- [Data excerpts]
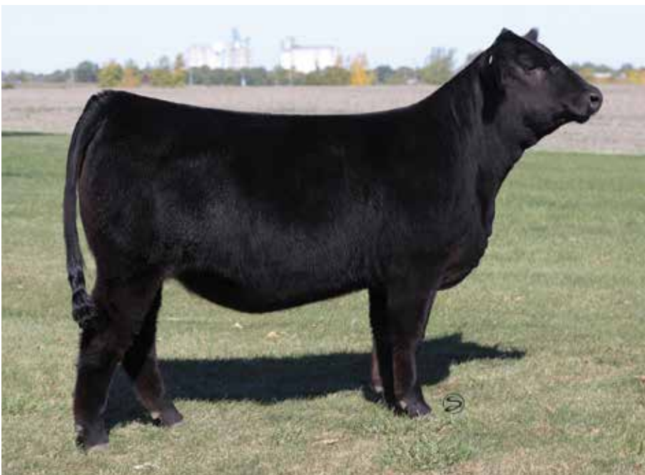
LOT 21 JS DAIRY QUEEN 32K

Here is a sister duo sired by the 2021 Reserve National Champion Simmental Bull at the Cattleman's Congress, WHF/JS/CCS Double Up G365. "Double Up" has experienced heavy use in the breeding box with the weighted average on the heifer side. Most have experienced true calving ease with blended eye appeal, balance, and desirable shape as the end result. This is a very potent and dense mating in terms of total lineage value related to the JS program. When combined in a pedigree, WHF Summer 365C and CLRS Dairy Queen 606D, have propagated some of the highest valued and critically acclaimed stock that this program has generated over the past few years. It is only in an intensely managed embryo transfer program such as JS Simmentals does one find opportunities like this to latch onto. The stock is an elite representation of extra length, true shape, bone, and quality at the surface, just as one would expect. Set the satchel down and study the lesson that is before you with serious consideration!
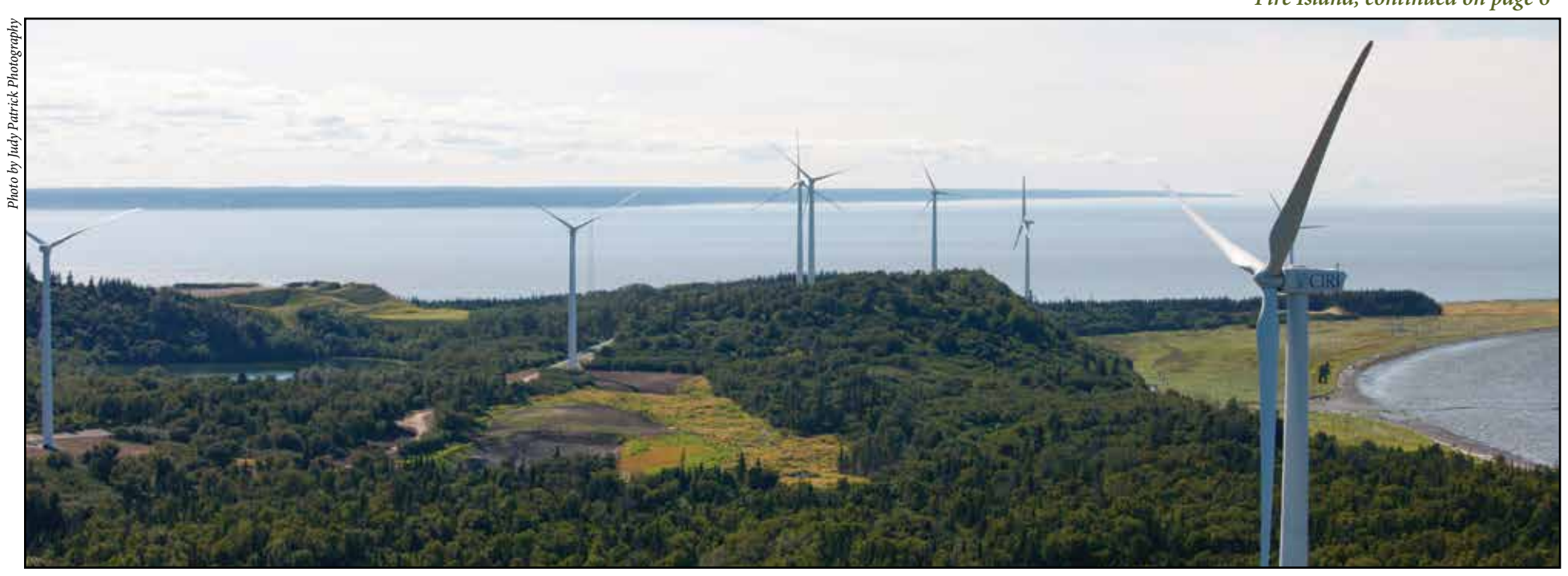
The Fire Island Wind project's first phase includes 11 turbines. All turbines are complete and are expected to be commissioned by late September.
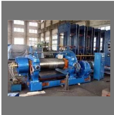
150-180 kg/hr Rubber Refiner Mill, 75 HP
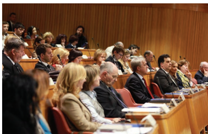
The launch of the Slovenian Hub in Ljubljana
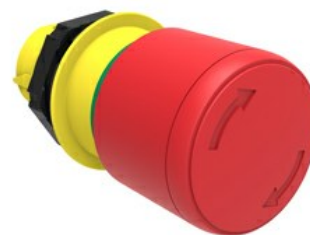
Mushroom head pushbutton, Latch, turn to release Ø 30mm/1.2" LPCB663
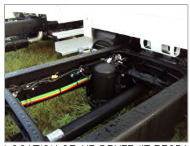
LOCATION OF AIR DRYFR (IF REOD)
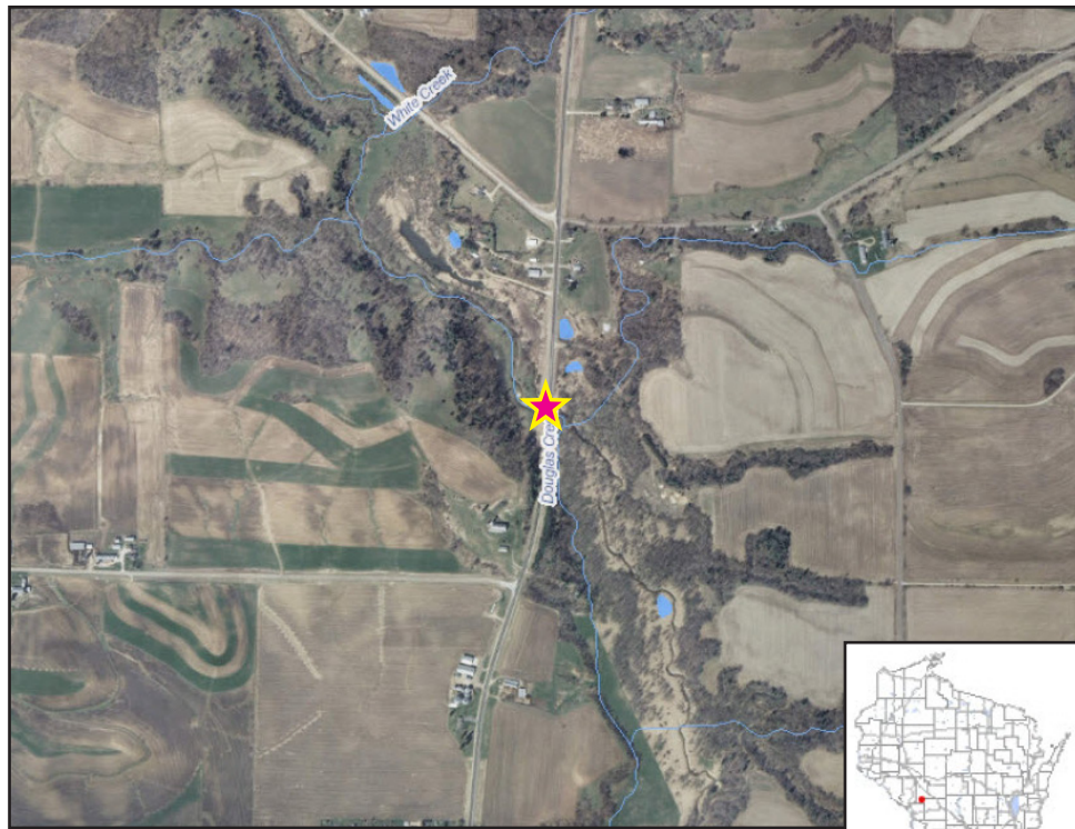
Map Legend - Sampling Location for 2014

- [Problem statement] Exactly the lines from the one that contains "The Fire Island" through the final line of the records above are needed, given again word for word, with every picture left out.

- [Solution to this problem]
The Fire Island Wind project's first phase includes 11 turbines. All turbines are complete and are expected to be commissioned by late September.
150-180 kg/hr Rubber Refiner Mill, 75 HP
The launch of the Slovenian Hub in Ljubljana
Mushroom head pushbutton, Latch, turn to release Ø 30mm/1.2" LPCB663
LOCATION OF AIR DRYFR (IF REOD)
Map Legend - Sampling Location for 2014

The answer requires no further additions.